The German army, meanwhile, was completely disorganized. Whatever hope Guderian and his generals had of making effective resistance was spoiled by Hitler, who tied down experienced units and equipment in irrelevant fortresses that were soon far behind Soviet lines and diverted the few available reserves to hopeless offensive operations on scattered fronts; in return, Guderian received phantom armies and untrained, almost unarmed militia (Volksturm) units composed of half-grown children and aged men. Even so, Guderian prepared a strong defensive line along the mud flats of the Oder River, forty miles east of Berlin, where Zhukov’s troops almost bled to death in their desperate and poorly coordinated assaults on the slippery slopes of the Seelow Heights. Guderian lacked reinforcements, fuel, and ammunition, but Hitler blamed this, as every other failure, on cowardice and treason.

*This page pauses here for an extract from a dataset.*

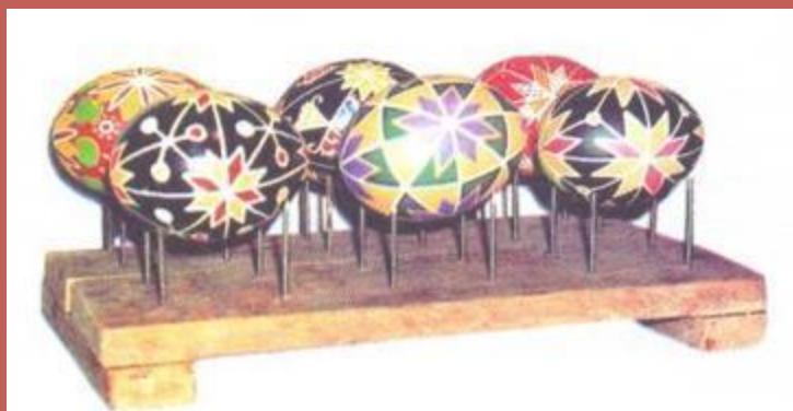
Подставка для сушки изделий

Himmler, whose ineffective leadership on the Vistula River line was obscured somewhat by his theatrical performances at conferences with Hitler, demanded harsh punishment for incompetents and defeatists; meanwhile, despite his putative loyalty to the Führer, he was plotting ways to contact the West in order to negotiate a separate peace that would leave him as leader of Germany; the death camps had not yet been discovered, and he was blind to the reaction that civilized people would have when they learned of them. His SS units, used mainly to enforce his decrees against desertion and defeat, were unable and unwilling to fight alongside the regular army (the Wehrmacht).
As American troops reached the Elbe, Stalin increased the pressure on his marshals to capture Berlin quickly (and with it the scientists, equipment, and uranium involved in the German atomic bomb program). Soon Soviet troops were hitting one another with artillery and small arms fire in their frenzied and chaotic rush through the maze of canals and lakes of the metropolitan region; they soon discovered that massive bomb damage had clogged streets and made buildings into small forts.